Taking the choice to stop using and being stronger than the addiction is a very brave and difficult step to take. And medical detoxing can help.
Normally, our body is able to produce chemicals, in the form of hormones, neurotransmitters, and endogenous substances. These substances regulate our daily bodily functions, our mood, appetite, focus, and physical activities.
Addiction changes the way our body is supposed to function normally, and many substances cause physical dependence. This means that the body can’t function normally anymore without the abused substance.
Even more, most of the abused substances result in psychological dependence and cravings.
Despite all of that, some addicts make the conscious and brave decision to stop using. Some decide to quit cold turkey, some choose a home detox routine, and others opt for medical detoxing. But which option of these works best?
Why Go Through Medical Detoxing?
The severity of the addiction and its withdrawal symptoms differ depending on the drug in question.
Some cause severe, even fatal, withdrawal symptoms. Others aren’t as severe to quit, yet aren’t easy either.
Different drugs also have different psychological effects. And, of course, the duration of use and how prolonged the body was dependant on the substance all affect the severity of the addiction.
When asking the question of which is better, a home detox or medical detox, the answer is usually the last one. That’s due to the fact that it’s much safer, effective, and it promises better results than detoxing at home.
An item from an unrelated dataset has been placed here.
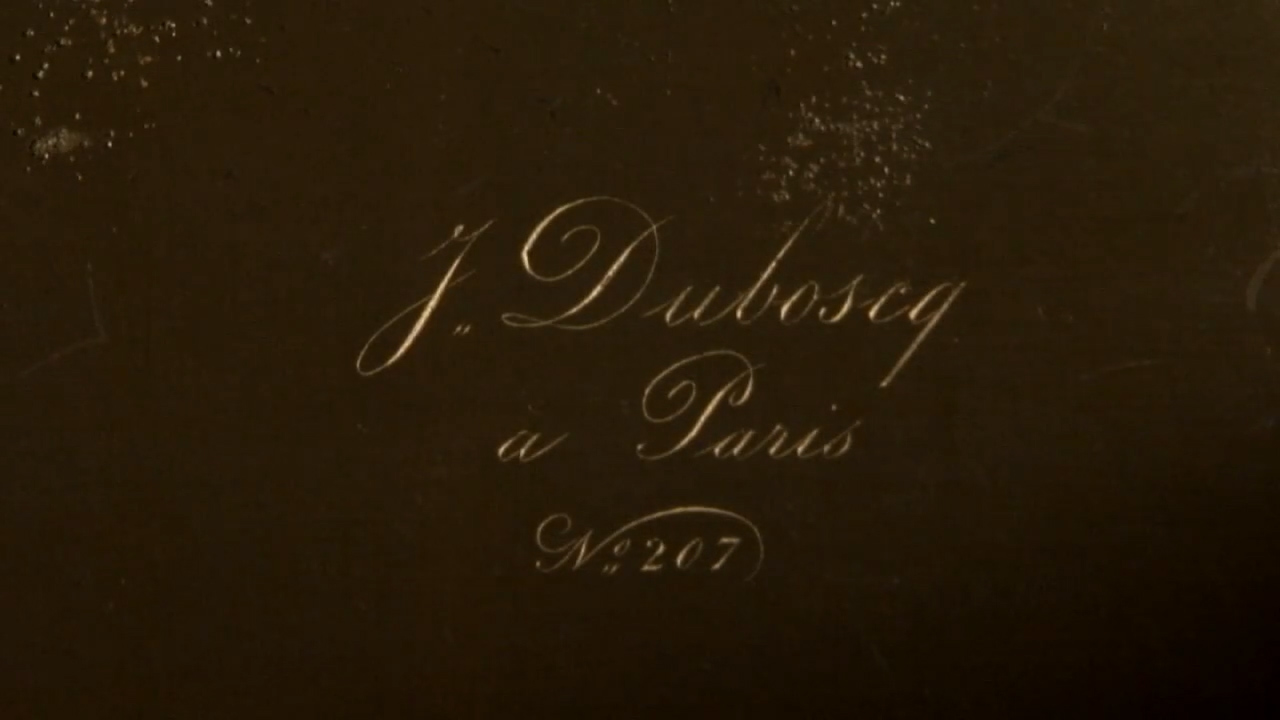 J.Duboscq's signature

There are many reasons why medical detoxing is safer and more effective than a home detox.
Here are 5 things that will never happen with a medical detox:
1. Life-Threatening Physical Withdrawal Symptoms
As we’ve mentioned, some drugs, specifically alcohol and opiates, cause severe and even fatal withdrawal symptoms when quitting cold turkey.
If it’s left unsupervised by trained medical professionals, the withdrawal process can be very dangerous for the individual. Symptoms like heart attacks, respiratory depression, seizures, and strokes can be very possible.
That doesn’t happen with the medical detoxing. The process includes tapering the abused substance with a less-addictive substance to take off the edge. After this, another phase of detoxing from the new substance takes place, making it much safer than quitting cold turkey.
2. Non Supervised Psychological Withdrawal Symptoms
Statistics have shown that most addicts suffer from strong mental disorders and trauma.
The substance-use used to take off the edge of those strong emotions. So when stopped, the edge comes back even exaggerated.
If the recovering addict starts to suffer from suicidal thoughts and depression, the medical staff is close-by and ready to help.
3. Severe Pain Associated With Withdrawal
Some substances result in straight in physical dependence, others cause a great deal of pain and discomfort when quit.
The medical detoxing programs take care of these cravings, pain, and discomfort, usually through non-addictive medical remedies.
4. High Risk Of Relapse
Another high risk accompanied by home detox programs is that many fall back into relapse.
Whether that’s due to the inefficiency of the program or the lack of support, the case is different with medical detoxing.
5. Long-Term Complications
In the case of long term addiction, there is an increased risk of damage in different organs, like the liver, brain, heart, or lungs.
Part of the medical detoxing is to carry out a full body check-up, which can catch the damage early on and treat it properly. That doesn’t happen in home detox programs.
The process of getting their life together after a period of substance abuse, no matter how short or long, is both brave and difficult.
While many addicts decide to take the step of sobriety, most of them fail due to wrong methods of detox. This increases the risk of relapse, and even suffering from dangerous withdrawal symptoms.
Not all substances are easy to overcome, and the best way to live an addiction-free life is to take the right first step. Medical detoxing, in that case, can be the best help they can get.